WHAT IS BEING ASKED:
Exclude the pictures and transcribe the rest of the data below exactly.

AVAILABLE DATA:
::::::::

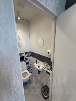 В ванной зеркало с подсветкой и тумба с раковиной, сделанные под заказ.
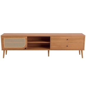 Fabricado 100% em MDF, esse rack bancada conta com uma porta de correr adornada por uma tela natural, que agrega um toque vintage que transforma o ambiente. Já as duas gavetas oferecem espaço generoso para manter tudo organizado, enquanto o tampo robusto serve perfeitamente para acomodar TVs de até 60 polegadas, unindo praticidade ao estilo. As linhas clássicas, combinadas com os pés estilizados, fazem deste rack retrô um verdadeiro ícone na decoração, ideal para quem valoriza um lar acolhedor e cheio de personalidade.
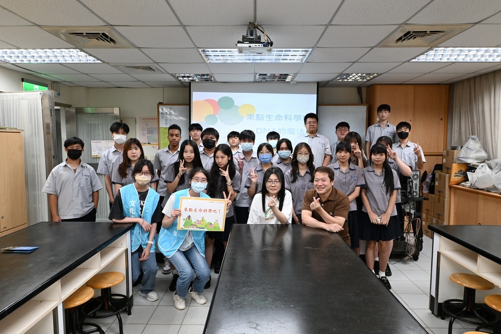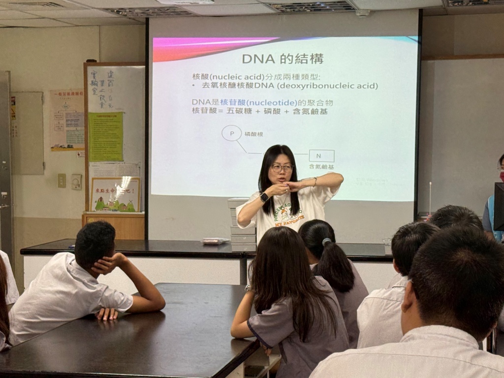 本系於2025年7月24日舉辦「新北淡江高中大學體驗營」,此次課程以「認識DNA」為主題,介紹遺傳物質DNA的基本組成與功能,並說明DNA如何透過轉錄與轉譯等過程,控制生物的發育與生理功能。為強化學生對抽象概念的理解,課程安排「DNA模型拼接」的實作活動,協助學生認識核酸的雙股結構與鹼基配對原則,加深對分子生物學基礎的認識。

::::::::

REPLY TO THE TASK:
 В ванной зеркало с подсветкой и тумба с раковиной, сделанные под заказ.
 Fabricado 100% em MDF, esse rack bancada conta com uma porta de correr adornada por uma tela natural, que agrega um toque vintage que transforma o ambiente. Já as duas gavetas oferecem espaço generoso para manter tudo organizado, enquanto o tampo robusto serve perfeitamente para acomodar TVs de até 60 polegadas, unindo praticidade ao estilo. As linhas clássicas, combinadas com os pés estilizados, fazem deste rack retrô um verdadeiro ícone na decoração, ideal para quem valoriza um lar acolhedor e cheio de personalidade.
 本系於2025年7月24日舉辦「新北淡江高中大學體驗營」,此次課程以「認識DNA」為主題,介紹遺傳物質DNA的基本組成與功能,並說明DNA如何透過轉錄與轉譯等過程,控制生物的發育與生理功能。為強化學生對抽象概念的理解,課程安排「DNA模型拼接」的實作活動,協助學生認識核酸的雙股結構與鹼基配對原則,加深對分子生物學基礎的認識。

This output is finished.